## Goal of the exercise
What you return must be the lines from the first one below through the one containing "Decorated Gingerbread House.", exactly and with pictures excluded.

## Entries provided
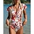 Damskie Docieplacze Kostium kąpielowy Tropikalny Suwak przedni Ochrona przeciwsłoneczna UV UPF50+ Szybkie wysychanie Długi rękaw Kąpielówki Strój kąpielowy Surfing Plaża Sporty wodne Lato
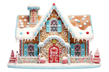Decorated Gingerbread House. On a White or Clear Surface PNG Transparent Background..
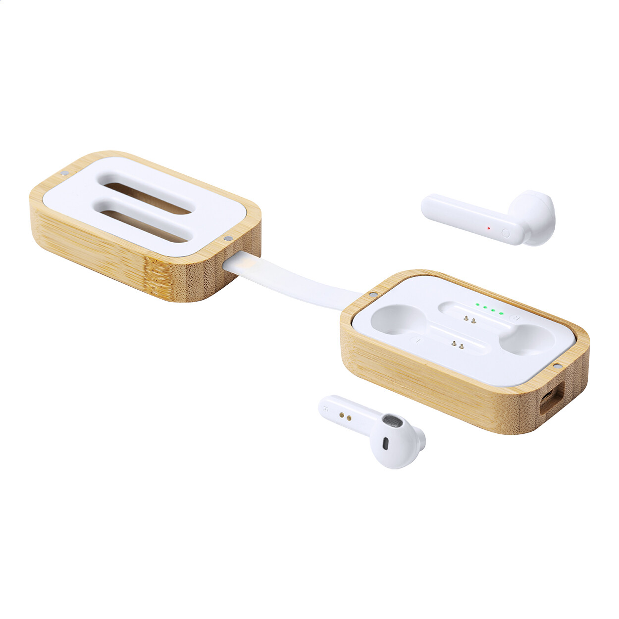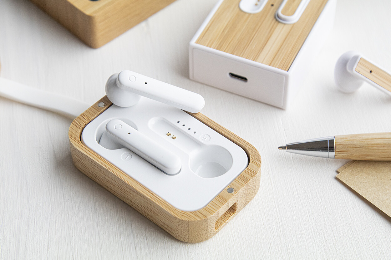 Écouteurs stéréo sans fil (TWS) avec fonction d'appel mains libres dans un étui chargeur en bambou. Câble de chargement USB inclus.
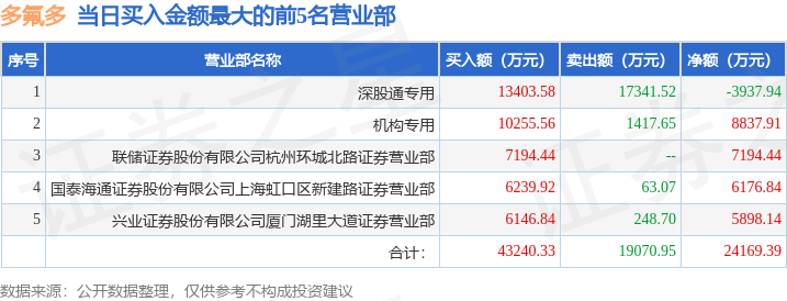 证券之星消息,沪深交易所2025年10月28日公布的交易公开信息显示,多氟多(002407)因日涨幅偏离值达到7%的前5只证券登上龙虎榜。此次是近5个交易日内第1次上榜。
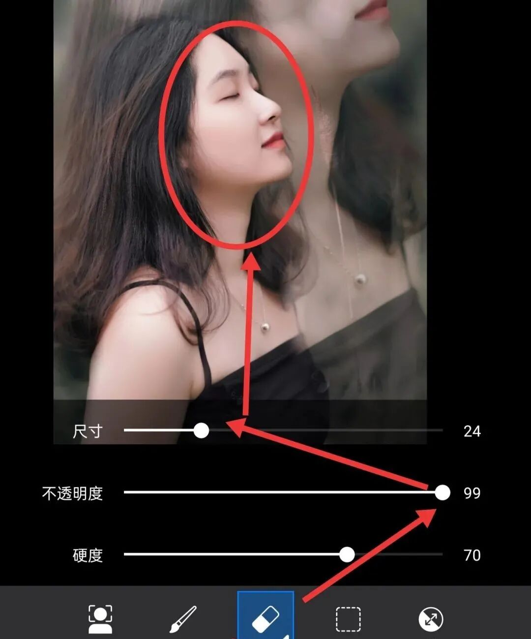 (5)在蒙版中,点击页面下方的橡皮,调整橡皮参数如图,对底图人物面部进行擦除,让底图人物面部,可以更清晰地展现出来。到这一步位置,可以实现人物虚化的双重曝光效果。
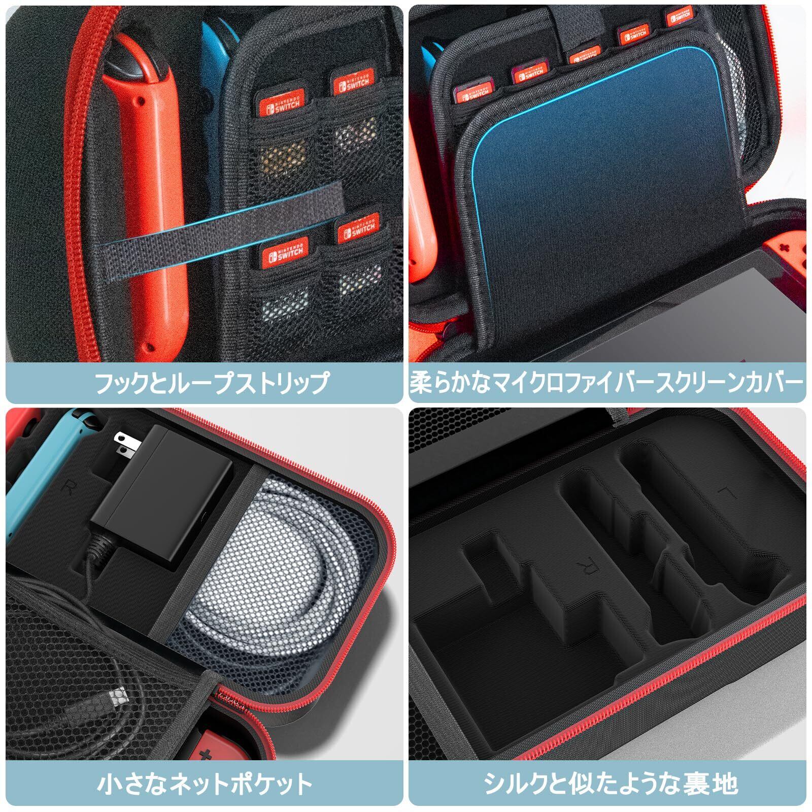 「このケースは欲しいものをすべて収納できる大容量設計です。Nintendo Switch本体に加え、ゲームカードや充電器、その他のアクセサリーも一緒に収納できるので、外出時に必要なアイテムをすっきりまとめて持ち運ぶことができます。」
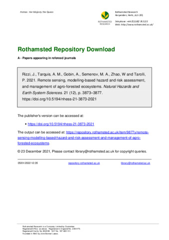 Remote sensing, modelling-based hazard and risk assessment, and management of agro-forested ecosystems
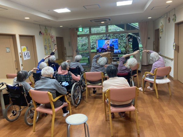 体操がはじまるにつれ、画面の先生の動きを真似するようになり

## Result
 Damskie Docieplacze Kostium kąpielowy Tropikalny Suwak przedni Ochrona przeciwsłoneczna UV UPF50+ Szybkie wysychanie Długi rękaw Kąpielówki Strój kąpielowy Surfing Plaża Sporty wodne Lato
Decorated Gingerbread House. On a White or Clear Surface PNG Transparent Background..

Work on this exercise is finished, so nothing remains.